For more information on these cases and other important SCOTUS decisions impacting policing, please see the following article: Five Supreme Court cases the police and the public should know.
ACCPD Directive 6.01.05 (K) prohibits the use of neck restraints and choke holds unless deadly force is justified. The Department does not teach or train officers to apply pressure to someone’s neck. This level of force would be considered deadly force and would not be permitted in situations unless the use of deadly force can be articulated and justified. This level of force is not used in situations to gain compliance or control over an individual.
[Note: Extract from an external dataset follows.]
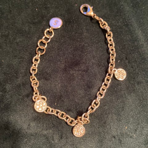 Mørk metall. 5 x "charms". Ca. 22.5 cm. langt.

Yes, ACCPD officers are required to de-escalate interactions and situations when possible. One of the most important tools officers have at their disposal is their ability to communicate. Providing clear commands and explaining the actions that are being taken can aid in defusing a situation. Ensuring officers can properly communicate and articulate actions is reinforced through ongoing training. ACCPD officers are trained in de-escalation, Crisis Intervention (CIT), and Integrating Communications Assessment and Tactics (ICAT). ACCPD also incorporates a 40-hour CIT class into its New Officer Basic Course to meet recommendations of The President’s Task Force on 21st Century Policing. New officers must complete the 40-hour CIT class prior to being released from training.
Directive 6.01.05 (C) requires warning but only when time and circumstance allows. Shooting a firearm is considered a deadly force situation and must be properly articulated and justified. Per policy, where feasible, a verbal warning will be given prior to the use of deadly force. The Department does recognize that there are some situations where a warning is not feasible and is therefore not required. The circumstances surrounding that decision must be articulated.
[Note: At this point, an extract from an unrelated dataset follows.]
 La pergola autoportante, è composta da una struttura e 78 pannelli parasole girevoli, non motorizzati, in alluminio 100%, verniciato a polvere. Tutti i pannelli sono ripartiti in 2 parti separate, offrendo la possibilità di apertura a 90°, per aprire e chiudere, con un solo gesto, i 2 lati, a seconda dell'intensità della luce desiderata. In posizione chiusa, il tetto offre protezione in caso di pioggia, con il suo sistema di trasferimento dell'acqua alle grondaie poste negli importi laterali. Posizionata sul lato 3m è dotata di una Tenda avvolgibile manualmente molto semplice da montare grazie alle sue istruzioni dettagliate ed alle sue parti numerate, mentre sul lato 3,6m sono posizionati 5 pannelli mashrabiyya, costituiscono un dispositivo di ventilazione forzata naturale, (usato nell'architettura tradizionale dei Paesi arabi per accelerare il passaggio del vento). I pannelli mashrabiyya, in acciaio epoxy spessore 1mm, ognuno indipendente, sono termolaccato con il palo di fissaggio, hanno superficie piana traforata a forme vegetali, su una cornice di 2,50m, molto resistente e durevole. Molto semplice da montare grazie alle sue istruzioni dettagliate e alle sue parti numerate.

The Department implements and trains our officers on using force through a model developed in conjunction with the Police Executive Research Forum entitled, "ICAT: Integrating Communications Assessment and Tactics. The Department incorporates this use of force model and not a use of force "continuum", as a continuum implies a progression of force similar to a line. Our current model is circular with no beginning or end. Rather, it calls on the officer to continuously assess the situation at hand and gather information to determine the type of individual the officer is encountering (cooperative, resistant, or assaultive), as well as, the appropriate level of force, if any, to use to defuse the situation. Officers have many tools they can use and knowing when and how to use them is a critical component to the training. The ICAT model also shows how time and distance can be advantageous to de-escalating an incident by gathering information to aid in assessing the proper action.
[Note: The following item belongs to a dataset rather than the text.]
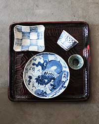 骨董:古伊万里手寸皿、市松蕎麦猪口 現代作家:杉本太郎さんの長角皿、豆皿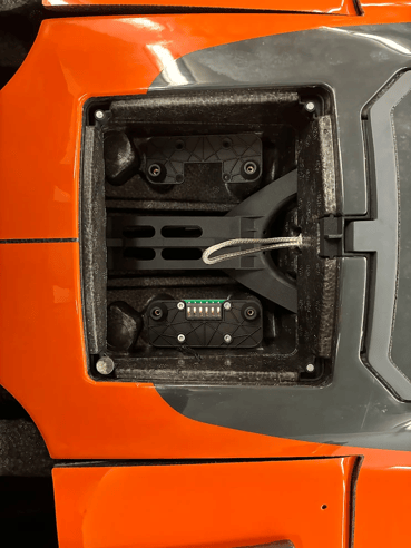 Power on the drone: Insert the batteries into the WingtraRAY and power it on using the power button.

Yes, ACCPD officers have sworn an oath to protect human life and uphold the Constitution. This applies to not only our own individual actions, but also the actions of our peers. Pursuant to Directive 6.01.03 (F), it is the duty of every officer to intervene if they observe excessive force and report the incident to their supervisor. Additionally, ACCPD Directive 1.04.03 (C) requires every employee who knows of other employees violating laws, ordinances, department rules, or disobeying orders to immediately report it to a supervisor who will take appropriate action.
Directive 6.01.04 (C) prohibits ACCPD officers from shooting at or from a moving vehicle except as a last resort to avoid immediate and clearly foreseeable danger of death or serious injury to the officer or citizens. The substantial risks generated by using gunfire against moving vehicles, in combination with the likelihood that such gunfire may fail to achieve its goal, demand that officer’s resort to firing only in the most extreme and exceptional circumstances. The use of deadly force in these encounters must be articulated and justified.
Yes, Directive 6.01.08 requires officers to submit a report to their supervisors for every time they use force against a citizen. This includes anytime an officer shows force through presentation of a taser or firearm. Officers must thoroughly document and properly articulate in their report the reason for using force and the level of force used. All uses of force by department members are thoroughly investigated and further documented by a supervisor regardless of the circumstances or type of force. As part of the investigation, the supervisor will seek to speak to all parties involved and any witnesses to the encounter and review any available evidence. Each investigative report is reviewed through the appropriate chain of command to determine if the officer’s actions were or were not within department policy. Any policy violations concerning excessive force require the supervisor to initiate a formal complaint against the officer that is submitted to the Office of Professional Standards. Upon completion of the investigation and review process, the Office of Professional Standards conducts a review of the supervisor’s investigation to ensure that it was thorough and properly conducted, as well as a secondary review of the use of force itself to confirm the policy findings. For more information about Departmental use of force, please view our Annual Compliance Reports Page.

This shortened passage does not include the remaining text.